Drilling for gas along the Delaware River remains in limbo

    The Marcellus Shale natural gas formation stretches across about two-thirds of Pennsylvania, from the southwest corner of Washington County to the northeast corner of Wayne county. But drills have yet to tap the gas that lies beneath Wayne and Pike counties. A moratorium is in place until the regulatory agency that oversees drilling in areas near the Delaware river implements new drilling rules. That vote was supposed to happen today in Trenton but was cancelled.

    Drive up through small towns along the Delaware river, and you’ll see yellow lawn signs that read “Don’t Drill the Delaware.” These are towns that don’t lie above any natural gas deposits. But the opposition to gas drilling among residents who live downstream is growing.

    “We hear a great debate over this right of the Constitution and that right of the Constitution, but as far as I’m concerned the number one right is the right to live, and in order to live you need air to breath, and you need water to drink,” said John Scorsone, who spoke recently at an anti-drilling rally in Philadelphia.

    Scorsone is one of hundreds from the Philadelphia area who planned to attend the much larger rally protesting this week’s scheduled Delaware River Basin Commission meeting in Trenton. The five-member Commission, or DRBC, was created in 1961 to manage the river’s water quality.

    New York, New Jersey, Pennsylvania, Delaware and the federal government all have a seat on the commission. All four states use the Delaware River as a source of drinking water.

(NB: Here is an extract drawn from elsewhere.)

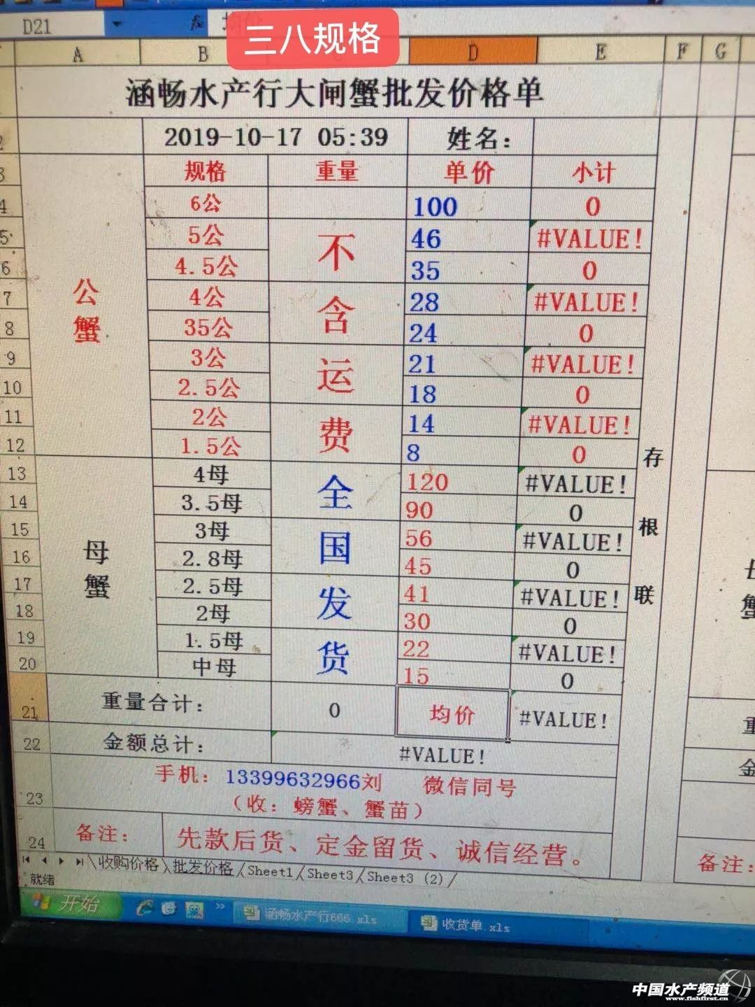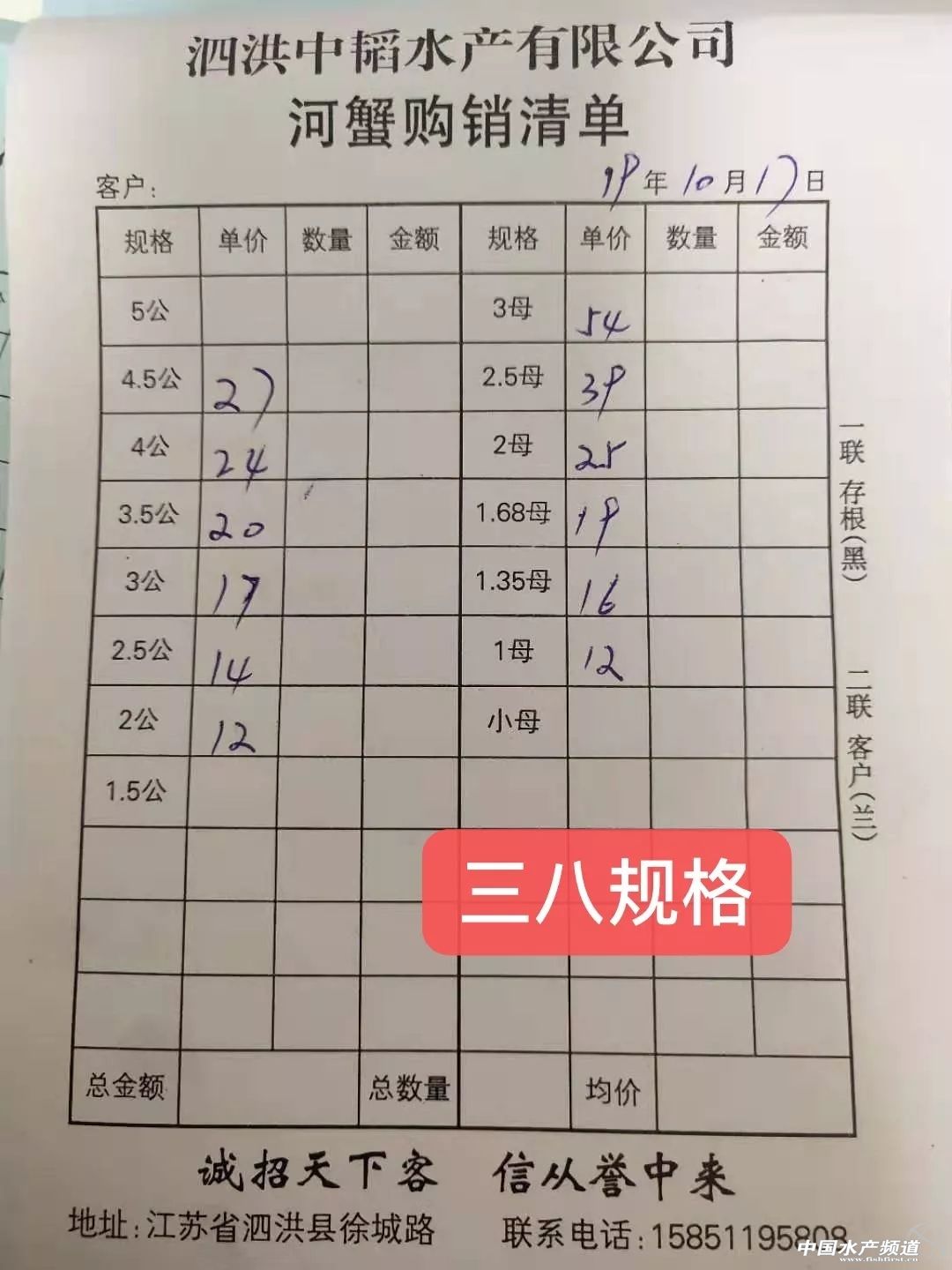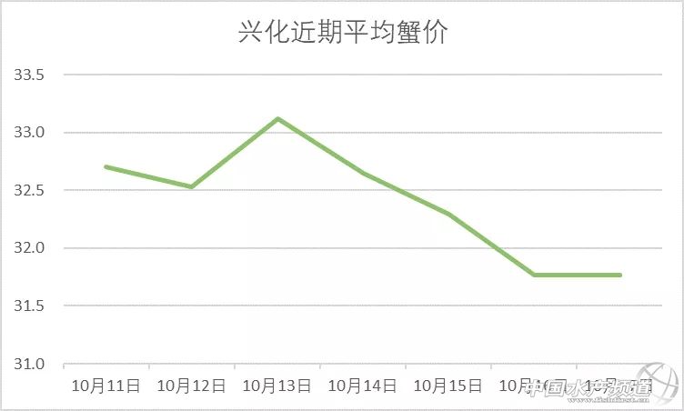 | 中國水產頻道原創報道, 目前行情低迷,價格變化不大。 蝦蟹行情每日播報 您身邊的行情顧問 歡迎關注蝦蟹前沿公眾號! 最新行情解析 興化 自10月13日平均蟹價突破33元/斤后,近期興化蟹價持續走低,今天蟹價與昨天持平,同為近期最低。與去年同期相比,蟹價整體偏低。 今天興化5公跌1元/斤,1.8母漲1元/斤,其他規格蟹價未變。 高淳 近期高淳蟹價波動略為明顯,但價差不是很大,涉及的規格也不是很多。今天高淳平均蟹價較昨天下跌0.7元/斤,平均蟹價仍保持在60元/斤以上。與去年同期相比,目前蟹價明顯偏低。 今天高淳精品門市6公從昨天的160元/斤又跌回150元/斤,1.8母跌1元/斤,其他規格蟹價未變。 今日參考價 興化 此報價由興化丁老板提供 高淳 此報價由江蘇好潤固城湖店劉坤提供 泗洪 此報價由泗洪孫老板提供 無錫 此報價由無錫王老板提供 宣城 |

This is the first time it has had to make decisions about energy extraction.

    “Fifteen million people get their water from the Delaware River,” said Tracy Carluccio, with the Delaware Riverkeeper Network. “It’s one of the largest watershed water supplies in the nation. There’s no other place to get this water.”

    The Delaware Riverkeeper Network is one of the most vocal and active environmental groups seeking to halt drilling along the Delaware river.

    “Philadelphia is downstream from where this fracking is going on. Philadelphia is also in the pathway of pipelines and compressor stations and liquefied natural gas stations may pop up in the bay. So Philadelphia is in the crosshairs here,” she said.

    Fracking uses a combination of pressurized water, sand and chemicals to “fracture” the shale rock and release the gas. The DRBC, has spent the last several years drawing up new regulations, taking public comment and revising their proposal. But Carluccio says the rules now on the table, are not stringent enough to protect the water. Environmentalists like her want the commission to conduct an environmental impact study before drawing up new gas drilling rules. So they planned a large demonstration outside the scheduled meeting, renting buses to take hundreds of people from Philadelphia to Trenton.

    But not everyone closely watching the actions of the DRBC agrees with Carluccio. About 140 miles north of Philadelphia, in Wayne county, property owners like Curt Coccodrilli, want the drilling moratorium lifted.

    “What we’re looking at right now is literally the dividing line, what I call the economic iron curtain, between the Delaware River Basin and the Susquehanna River Basin,” said Coccodrilli.

    The Susquehanna River Basin has a similar commission, but it only oversees water withdrawals, not water quality. The multi-state Delaware River Basin Commission has regulatory authority over the water that runs through the bulk of Coccodrilli’s land.

    The DRBC planned to vote on its new gas drilling rules this week, a simple majority of three yes votes by commissioners would have lifted the drilling moratorium in Wayne and Pike counties. That would mean an additional income of about $20,000 dollars a year for Coccodrilli. He says gas drilling has helped bring prosperity to other parts of the state.

    “But over here it’s depression and recession in the county,” he said. “So what do you do? Do I listen to the environmental illuminati as they want to heap their almighty rules from above on us? I mean they treat this area as their own state park.”

    In fact Coccodrilli and the members of the Northern Wayne Property Owners Alliance do consider themselves environmental stewards. For them, natural gas provides an alternative to America’s addiction to foreign oil, which they say led to wars in Iraq and Afghanistan. They say natural gas is also an alternative to coal-fired power plants, which create acid rain. Both of Coccodrilli’s grandfathers worked in the coal mines and died of black lung.

    “If you value American independence away from foreign strife, and you want a cheap, clean fuel source, then I think you’re foolish not to extract in the Delaware River Basin.”

    Coccodrilli planned to make the two-and-a-half hour drive to Monday’s meeting in Trenton, and celebrate a “yes” vote on the new drilling rules, and a lifting of the moratorium. But a lack of consensus sent the DRBC into turmoil, and on Friday the commission cancelled Monday’s meeting.

    For now, no new meeting is scheduled, and the moratorium on drilling continues. Activists like Tracy Carluccio from the Delaware Riverkeeper Network still plan to march in Trenton and celebrate a victory.